### WHAT NEEDS TO BE DONE:
All of the entries below should be returned verbatim, apart from the pictures.

======== SUPPLIED MATERIAL ========

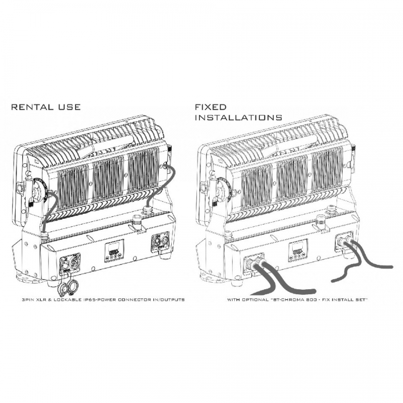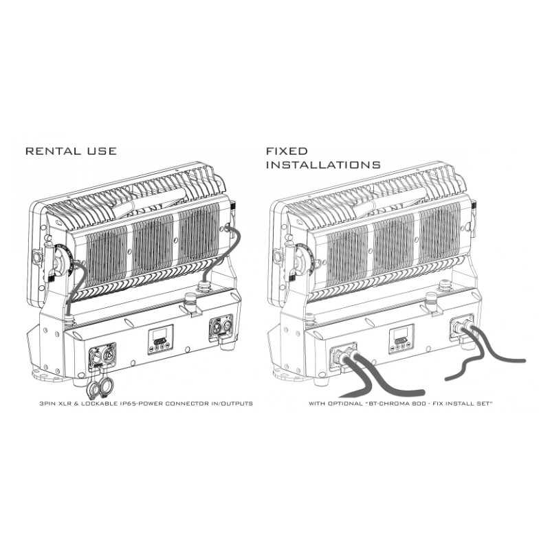 - Instalaciones FIJAS: Con un set opcional llamado “BT-CHROMA 800 - FIX install set” (módulos de E/S POWER & DMX
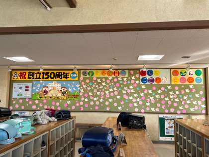 卒業式まであと5日・・・6年生の卒業をお祝いする「おめでとう」の掲示が、校内いろいろなところでみられます。今日は、職員室横と玄関の掲示板も「卒業おめでとう」になりました。
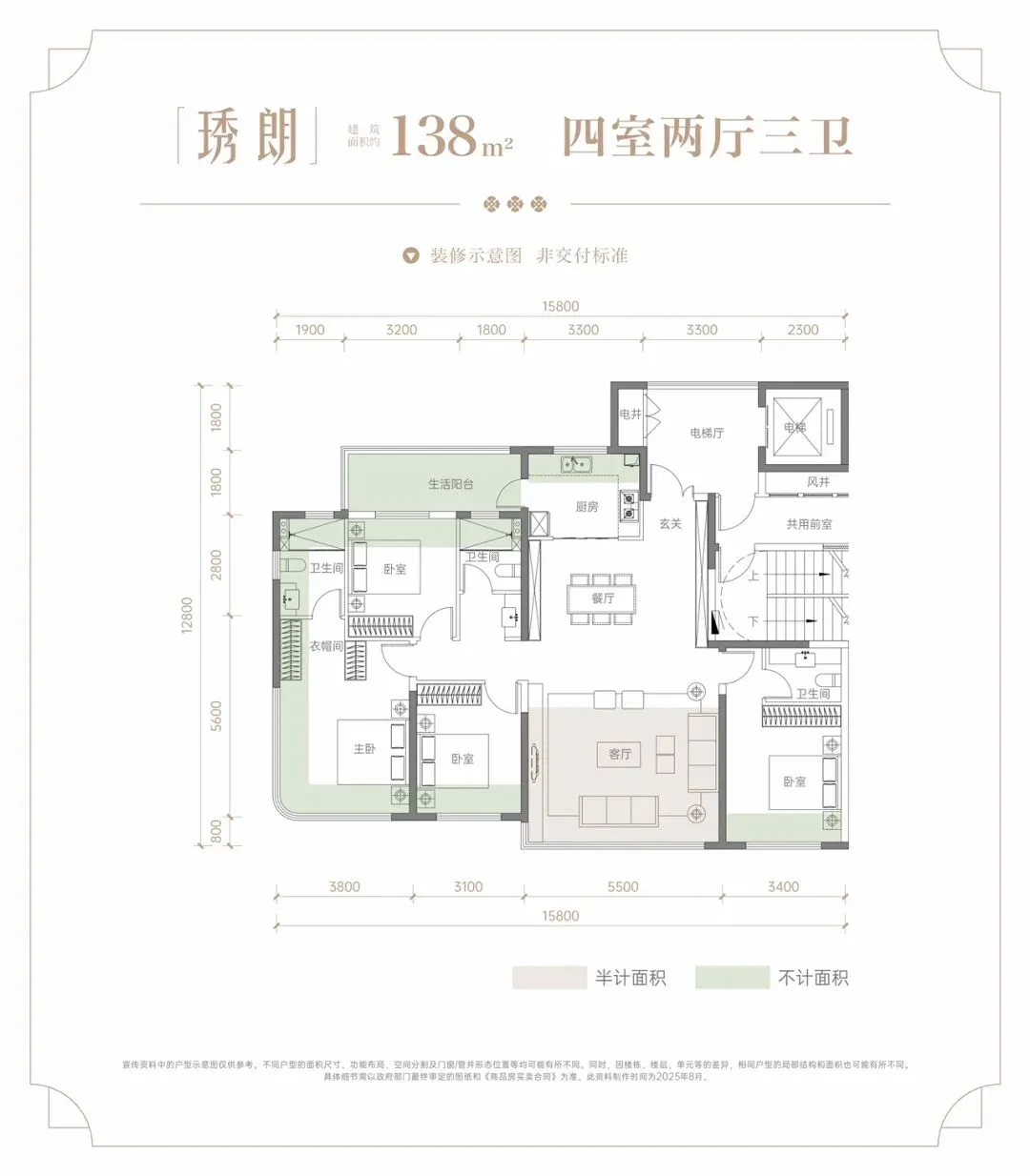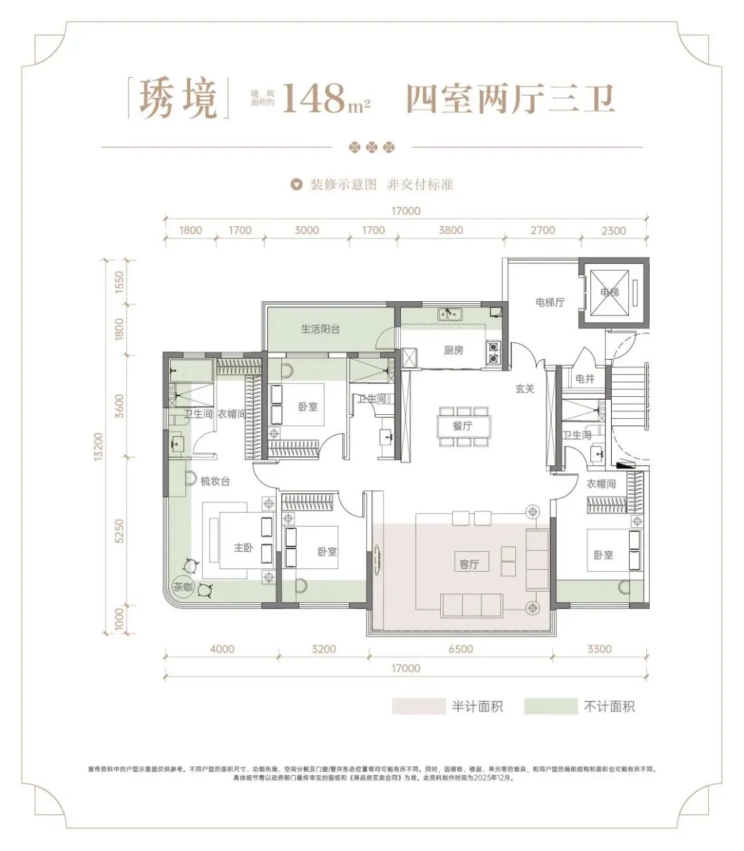 新规前报建,得房率110%-120%,128㎡≈140㎡套内,143㎡四房三卫全明,170㎡五房三卫+私梯入户
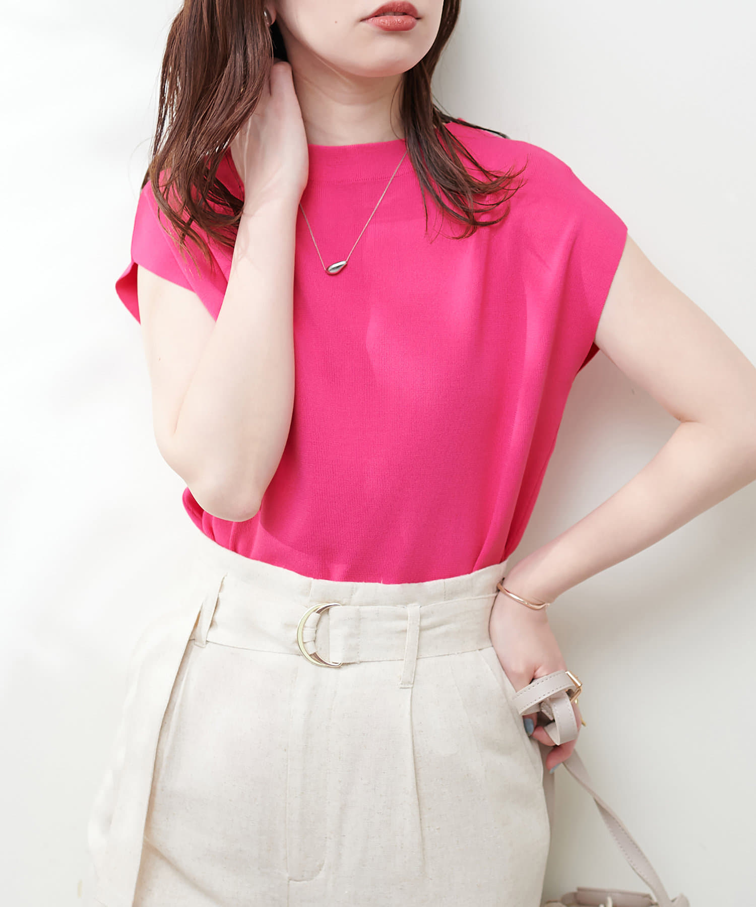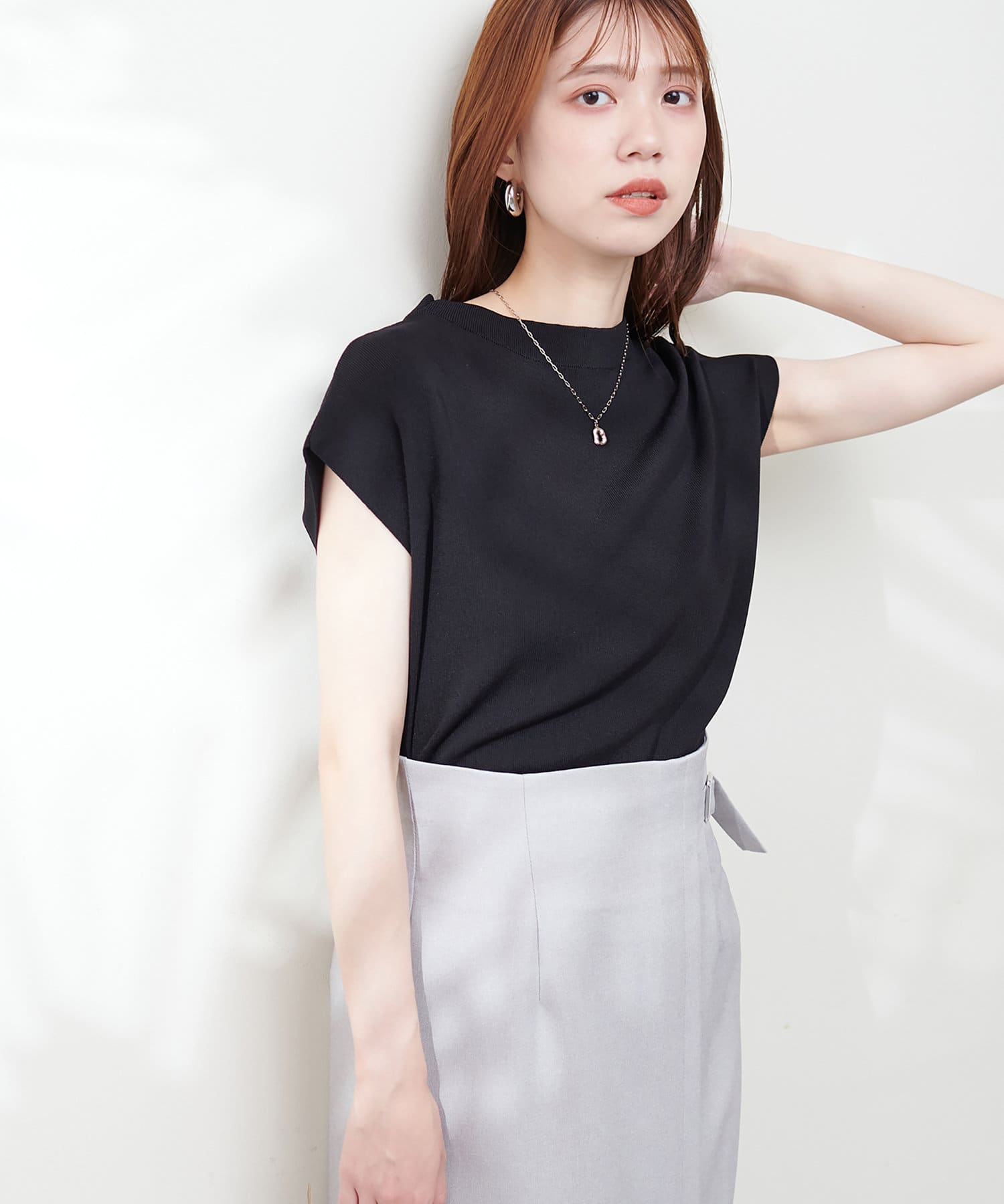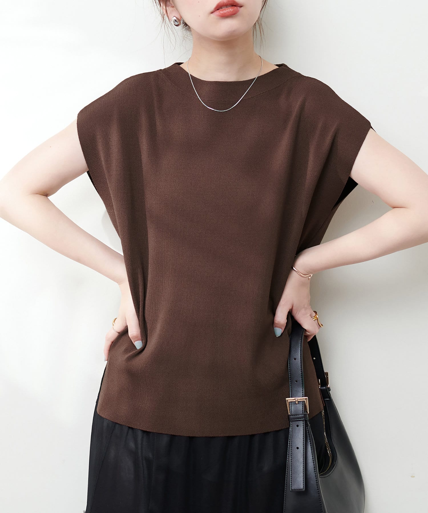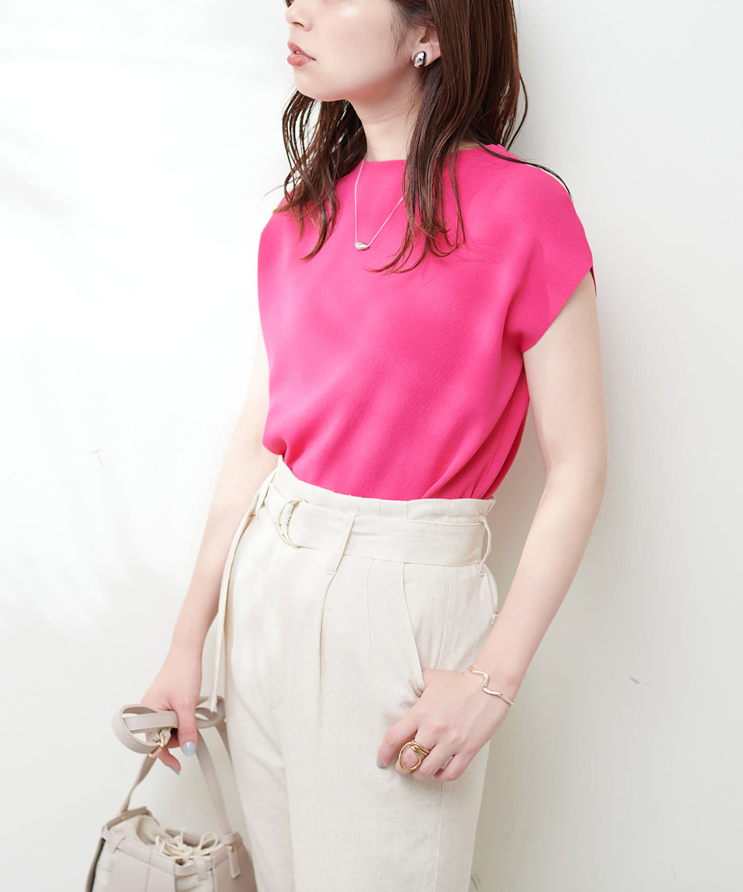涼しげでゆったりとした落ち感のあるノースリーブニット。
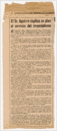 Recorte de prensa procedente de un periódico comunista no identificado, en el que se publica un editorial adverso a José Antonio de Aguirre, bajo el título "El Sr. Aguirre explica su plan al servicio del imperialismo".

========

### EXERCISE ANSWER:
 - Instalaciones FIJAS: Con un set opcional llamado “BT-CHROMA 800 - FIX install set” (módulos de E/S POWER & DMX
 卒業式まであと5日・・・6年生の卒業をお祝いする「おめでとう」の掲示が、校内いろいろなところでみられます。今日は、職員室横と玄関の掲示板も「卒業おめでとう」になりました。
 新规前报建,得房率110%-120%,128㎡≈140㎡套内,143㎡四房三卫全明,170㎡五房三卫+私梯入户
涼しげでゆったりとした落ち感のあるノースリーブニット。
 Recorte de prensa procedente de un periódico comunista no identificado, en el que se publica un editorial adverso a José Antonio de Aguirre, bajo el título "El Sr. Aguirre explica su plan al servicio del imperialismo".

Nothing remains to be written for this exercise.